What’s particularly interesting in the Minneapolis area is that the **existing Trader Joe’s stores aren’t squarely inside the highest-educated trade areas**—but rather they sit on the edges. This suggests that while education levels are important, they are just one piece of the puzzle.

🔍 **Next steps** could include:
- Layering in **income levels** to find areas where high educational attainment aligns with being **underpaid**—Trader Joe’s core customer.
- Exploring other key criteria—like **retiree populations**, proximity to universities/hospitals, or older housing stock.

Joe would never have stopped at the data.

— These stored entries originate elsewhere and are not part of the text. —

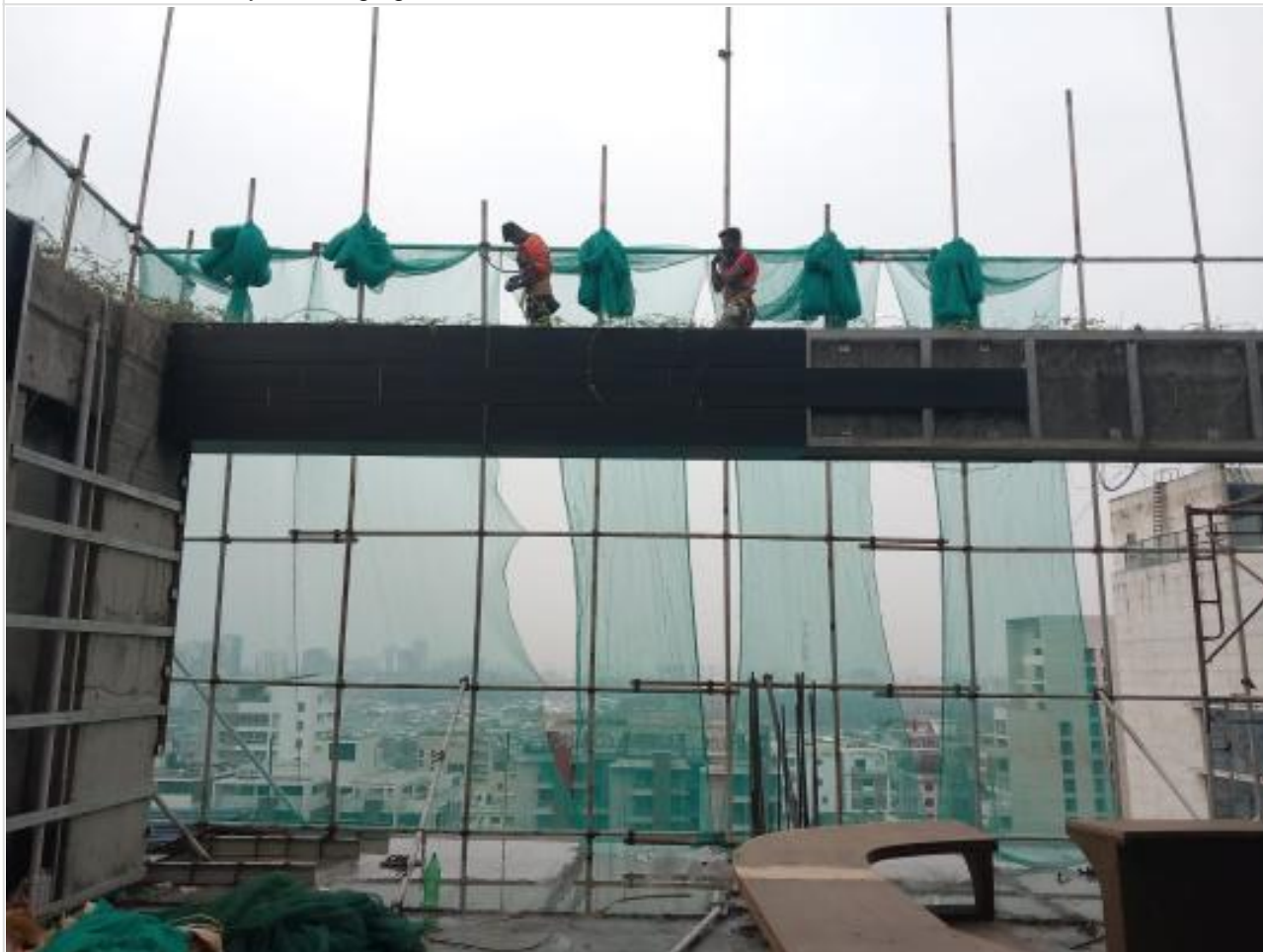
L-16-West side safety net hanging on 15-03-23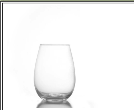
stocked machine blown stemless wine glass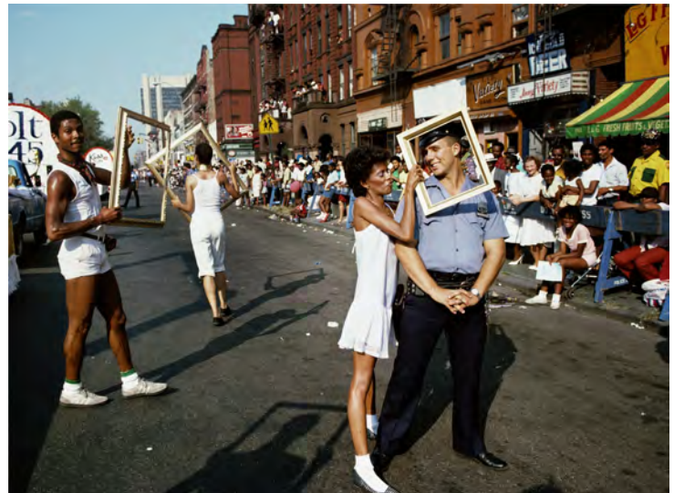
“Art Is.. (Cop Framed),” 1983/2009. The work is much admired, and imitated. Performers she had recruited jumped into the crowd carrying small frames, inviting people to pose, to see themselves as art.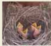
Nature walk at Hammock Bay Feb. 2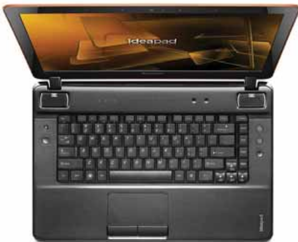
Lenovo IdeaPad Y560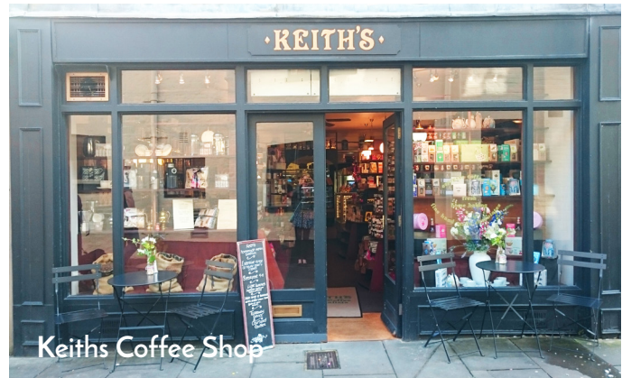
Keiths Coffee Shop

Numerous venues in Cirencester offer beautiful outdoor spaces, where you can relax and enjoy your gastronomic journey, whilst taking in the delights of the beautiful town. Many of the town eateries source food and meats locally, so eating in Cirencester really is getting a taste of the Cotswolds.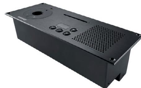
MXC620-F Conference unit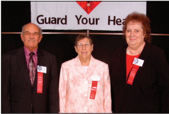
Class of 1954

His final step was always to **drive the area himself**, looking for **older neighborhoods** where people might have **excess money but not necessarily spend it all**. He’d avoid areas with too many speedboats or RVs—these were signs of high incomes but also high spending, which wasn’t the sweet spot for his stores.